阿武野:頑固ねぇ。口のわるい人は「変なおじさんシリーズ」とか言っていますが(笑)。僕は題材について口出ししたことはない。唯一「名張をやってほしい」と齊藤に言ったことぐらい。あとはすべてディレクターがやりたいと持ってきたものです。
きっと社会的に片隅に追いやられてきたような人たちが、どんな暮らしをしているのか。それを追っていくと、社会を映し出す鏡のようになってきたということかもしれません。

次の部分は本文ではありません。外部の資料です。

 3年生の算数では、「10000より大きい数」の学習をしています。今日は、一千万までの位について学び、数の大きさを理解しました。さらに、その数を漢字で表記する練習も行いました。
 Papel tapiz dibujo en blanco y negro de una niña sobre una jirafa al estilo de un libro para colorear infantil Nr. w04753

──樹木希林さんが伊勢神宮を訪ねるドキュメンタリー『神宮希林 わたしの神様』(伏原健之監督・2014年公開)の最後のほうに、立ち寄った飲食店でお土産にと渡されたものを、希林さんが「使わないから」と返す場面がありますよね。お店の女性が姉さんタイプで、2人が譲らない。
阿武野:あれは法被(はっぴ)でしたよね。つまらないエピソードのようにも見えますが、物を無駄にしないという人生観が出ている。

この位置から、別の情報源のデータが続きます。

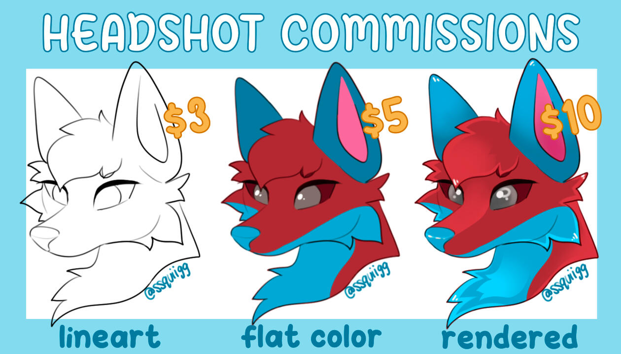 Headshots:$3 - Lineart$5 - Flat color$10 - Rendered

──角が立たないようにその場ではもらってく人が多いだろうに。
阿武野:取材がほぼ終わっているときに、あのやりとりがあった。後で見返していたときに、ここには重要な意味があるとわかってきたんですね。
──しつこく撮るというのは、東海テレビの伝統なのでしょうか。
阿武野:これでインタビューは終わります。「ありがとうございました」と片付けに入ったりしている間、職業病なんですかね、ディレクターというのは沈黙が嫌で「終わった」と言いながら話しかける。それをカメラマンも撮っている。

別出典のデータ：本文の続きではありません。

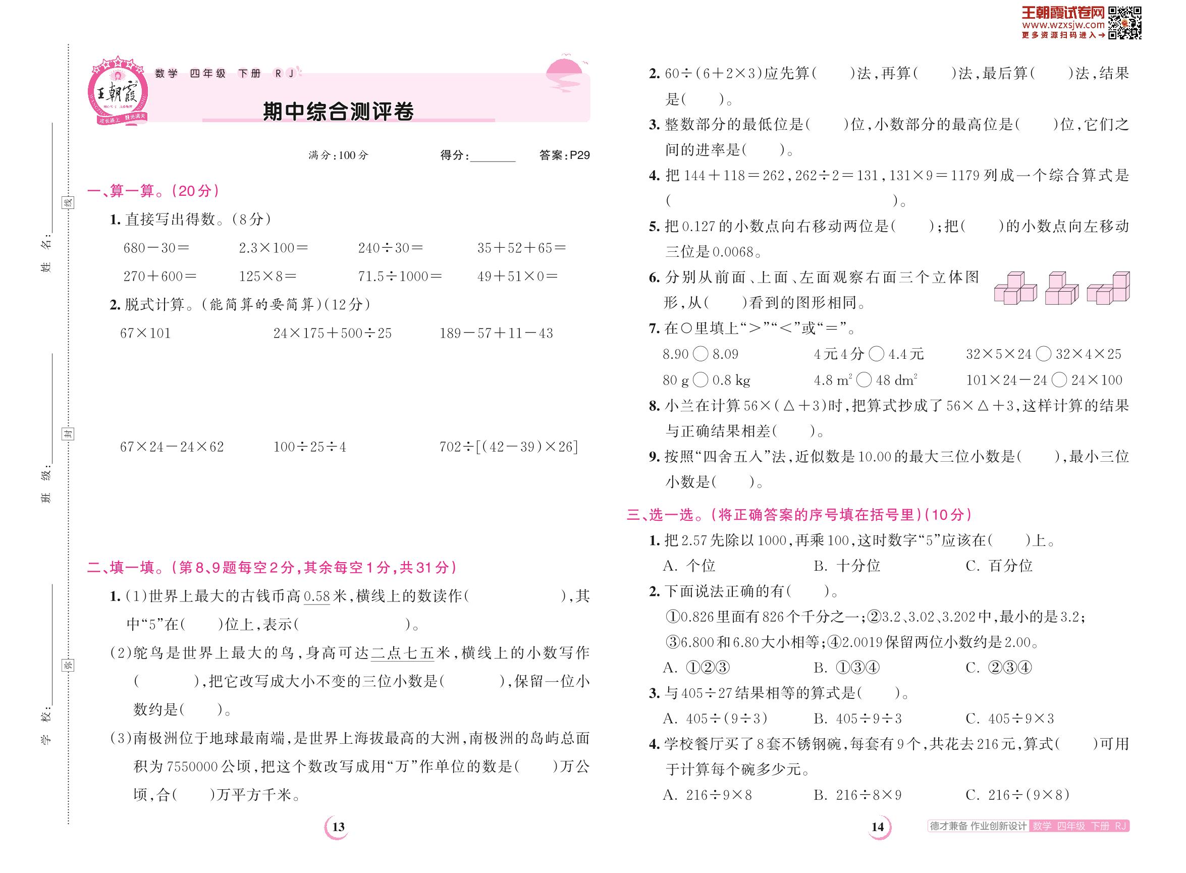 2023下册四年级数学人教版 期中综合测评卷

齊藤:なかには「終わります」と言ってからが勝負ということもあります。阿武野から「終わったあとにポロッと本音が出ることが多い」というのを聞かされてきたこともありますし、核心に迫ろうと思うと「そのまま回しておいてね」とカメラマンに言ったりもします。いつもそうしているわけではありませんが。